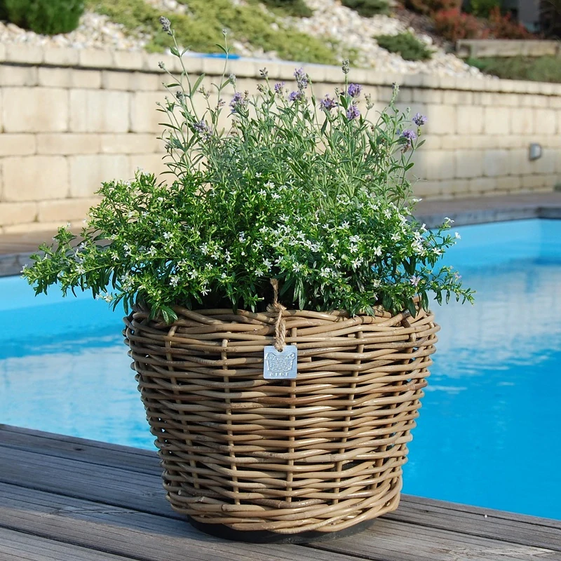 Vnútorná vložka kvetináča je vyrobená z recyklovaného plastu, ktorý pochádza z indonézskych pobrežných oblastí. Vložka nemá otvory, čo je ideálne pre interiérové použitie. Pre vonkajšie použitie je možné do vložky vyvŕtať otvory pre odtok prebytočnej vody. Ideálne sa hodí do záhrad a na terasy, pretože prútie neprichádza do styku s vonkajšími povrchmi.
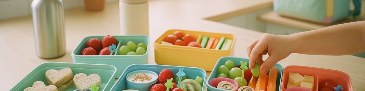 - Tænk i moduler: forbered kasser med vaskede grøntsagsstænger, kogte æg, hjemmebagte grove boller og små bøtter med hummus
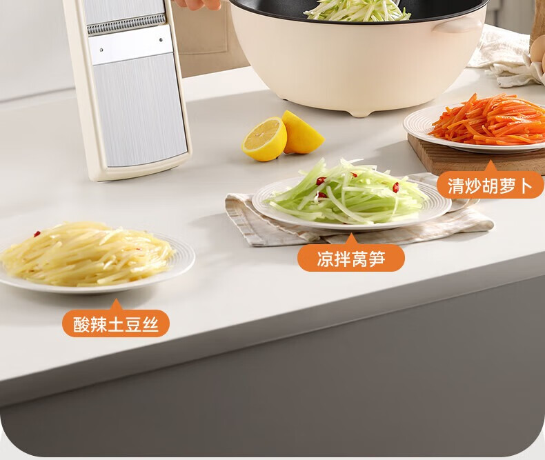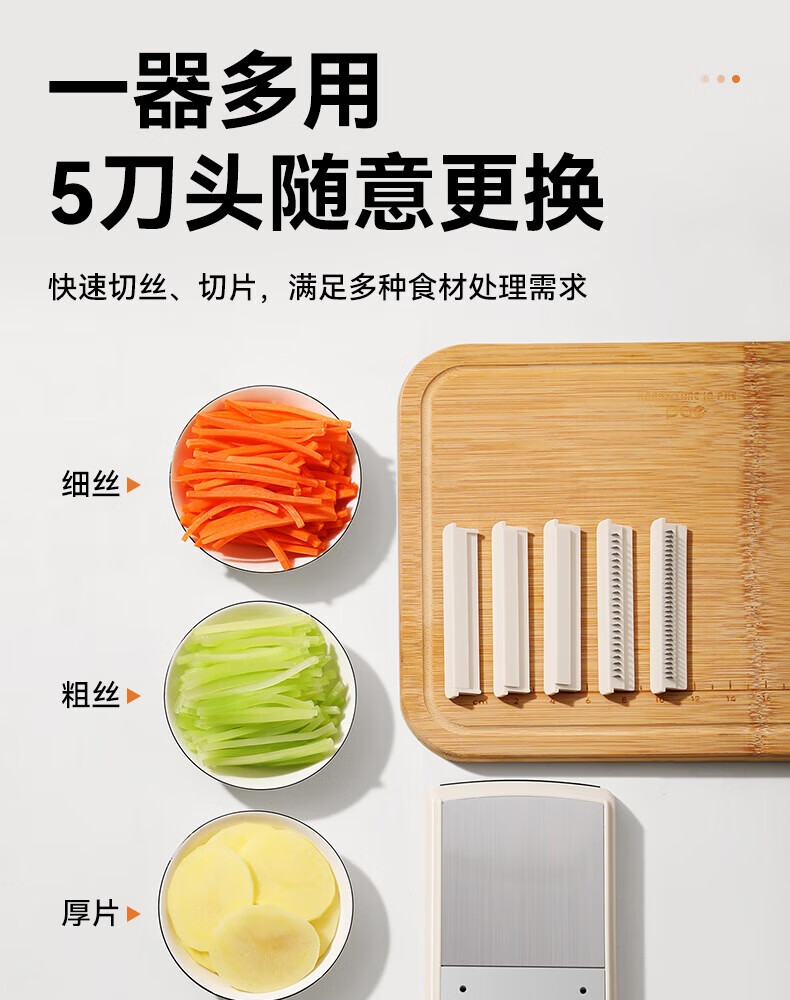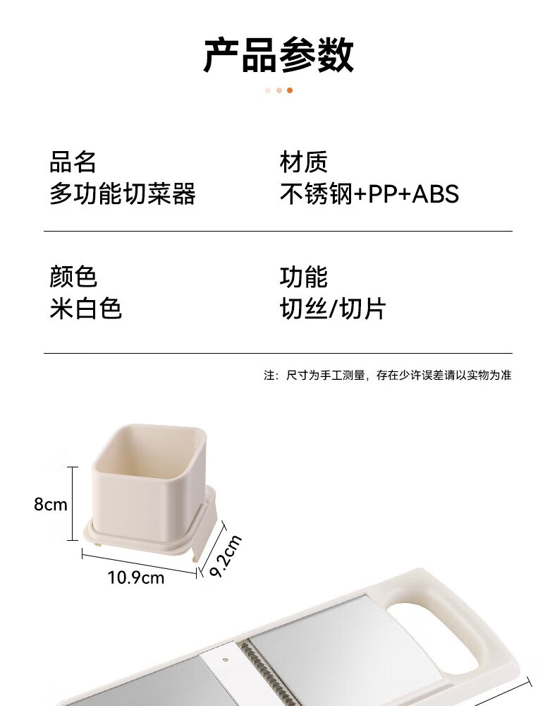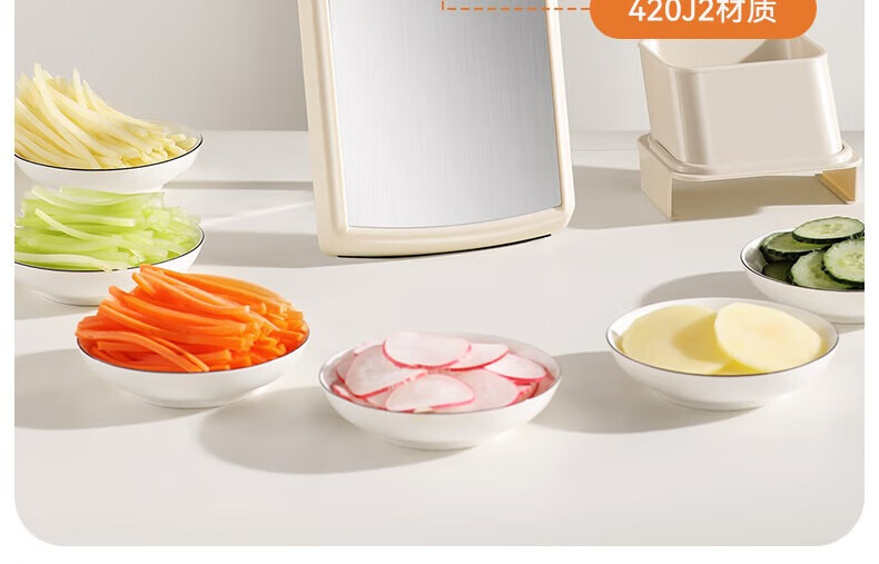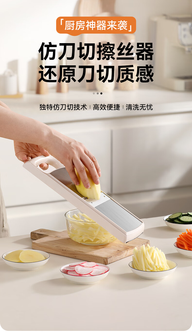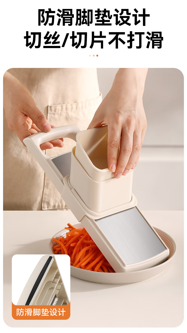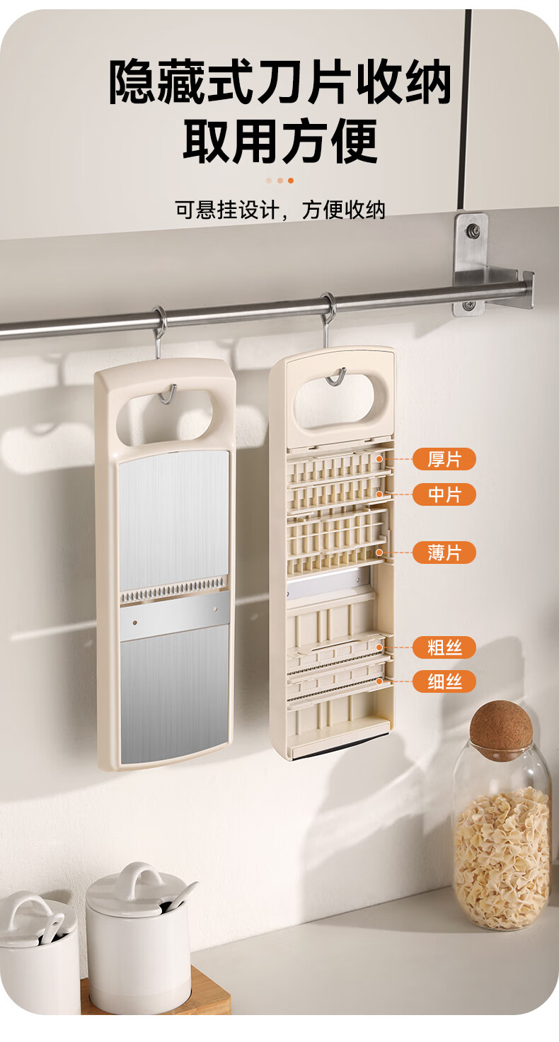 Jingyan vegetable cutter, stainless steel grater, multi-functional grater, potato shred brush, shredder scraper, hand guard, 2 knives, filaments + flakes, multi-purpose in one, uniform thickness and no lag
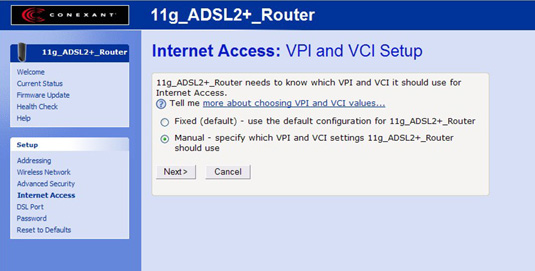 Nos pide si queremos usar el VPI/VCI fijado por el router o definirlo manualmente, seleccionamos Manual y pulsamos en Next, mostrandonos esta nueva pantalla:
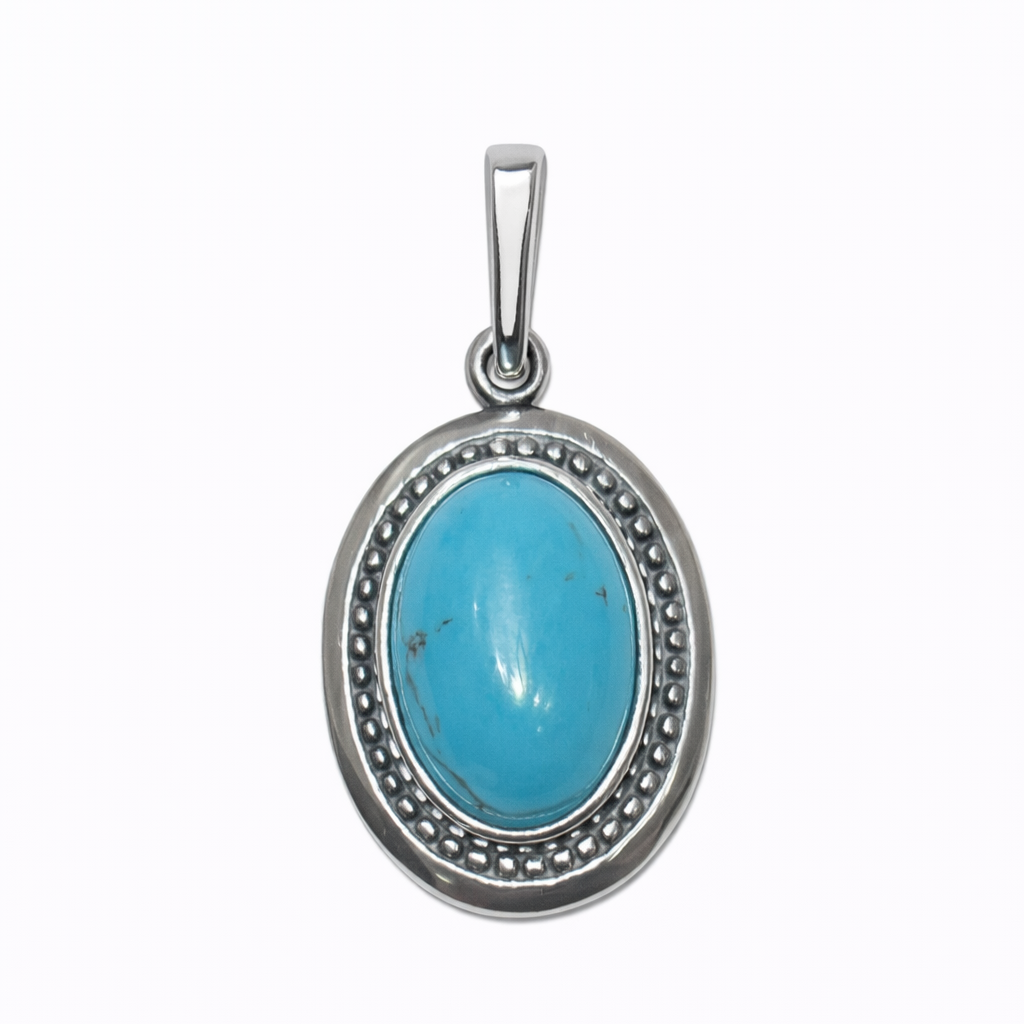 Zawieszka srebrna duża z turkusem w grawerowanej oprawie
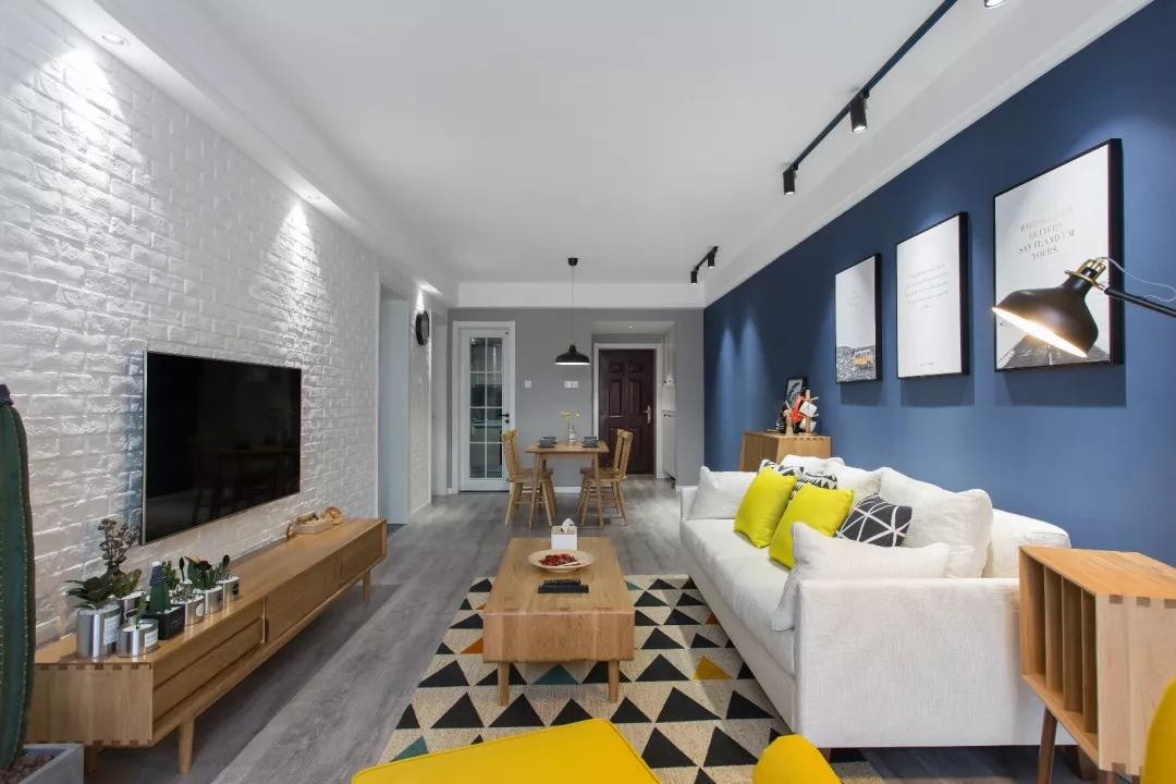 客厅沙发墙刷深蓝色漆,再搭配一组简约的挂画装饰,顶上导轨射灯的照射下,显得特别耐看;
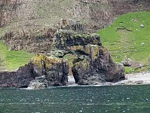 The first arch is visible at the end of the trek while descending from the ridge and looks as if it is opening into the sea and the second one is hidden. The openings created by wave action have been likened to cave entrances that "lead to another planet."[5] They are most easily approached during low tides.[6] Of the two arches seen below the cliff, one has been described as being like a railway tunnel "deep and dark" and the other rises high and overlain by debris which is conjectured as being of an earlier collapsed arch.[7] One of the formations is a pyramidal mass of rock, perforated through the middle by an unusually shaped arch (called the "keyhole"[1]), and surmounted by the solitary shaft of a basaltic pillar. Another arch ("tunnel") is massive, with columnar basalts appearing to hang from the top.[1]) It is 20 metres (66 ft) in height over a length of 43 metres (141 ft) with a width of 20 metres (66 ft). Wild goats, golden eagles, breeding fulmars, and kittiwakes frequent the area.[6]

# # # #

- [YOUR TASK] All of the lines above should be retyped precisely, apart from the pictures.

- [RESPONSE AREA]
 Vnútorná vložka kvetináča je vyrobená z recyklovaného plastu, ktorý pochádza z indonézskych pobrežných oblastí. Vložka nemá otvory, čo je ideálne pre interiérové použitie. Pre vonkajšie použitie je možné do vložky vyvŕtať otvory pre odtok prebytočnej vody. Ideálne sa hodí do záhrad a na terasy, pretože prútie neprichádza do styku s vonkajšími povrchmi.
 - Tænk i moduler: forbered kasser med vaskede grøntsagsstænger, kogte æg, hjemmebagte grove boller og små bøtter med hummus
 Jingyan vegetable cutter, stainless steel grater, multi-functional grater, potato shred brush, shredder scraper, hand guard, 2 knives, filaments + flakes, multi-purpose in one, uniform thickness and no lag
 Nos pide si queremos usar el VPI/VCI fijado por el router o definirlo manualmente, seleccionamos Manual y pulsamos en Next, mostrandonos esta nueva pantalla:
 Zawieszka srebrna duża z turkusem w grawerowanej oprawie
 客厅沙发墙刷深蓝色漆,再搭配一组简约的挂画装饰,顶上导轨射灯的照射下,显得特别耐看;
 The first arch is visible at the end of the trek while descending from the ridge and looks as if it is opening into the sea and the second one is hidden. The openings created by wave action have been likened to cave entrances that "lead to another planet."[5] They are most easily approached during low tides.[6] Of the two arches seen below the cliff, one has been described as being like a railway tunnel "deep and dark" and the other rises high and overlain by debris which is conjectured as being of an earlier collapsed arch.[7] One of the formations is a pyramidal mass of rock, perforated through the middle by an unusually shaped arch (called the "keyhole"[1]), and surmounted by the solitary shaft of a basaltic pillar. Another arch ("tunnel") is massive, with columnar basalts appearing to hang from the top.[1]) It is 20 metres (66 ft) in height over a length of 43 metres (141 ft) with a width of 20 metres (66 ft). Wild goats, golden eagles, breeding fulmars, and kittiwakes frequent the area.[6]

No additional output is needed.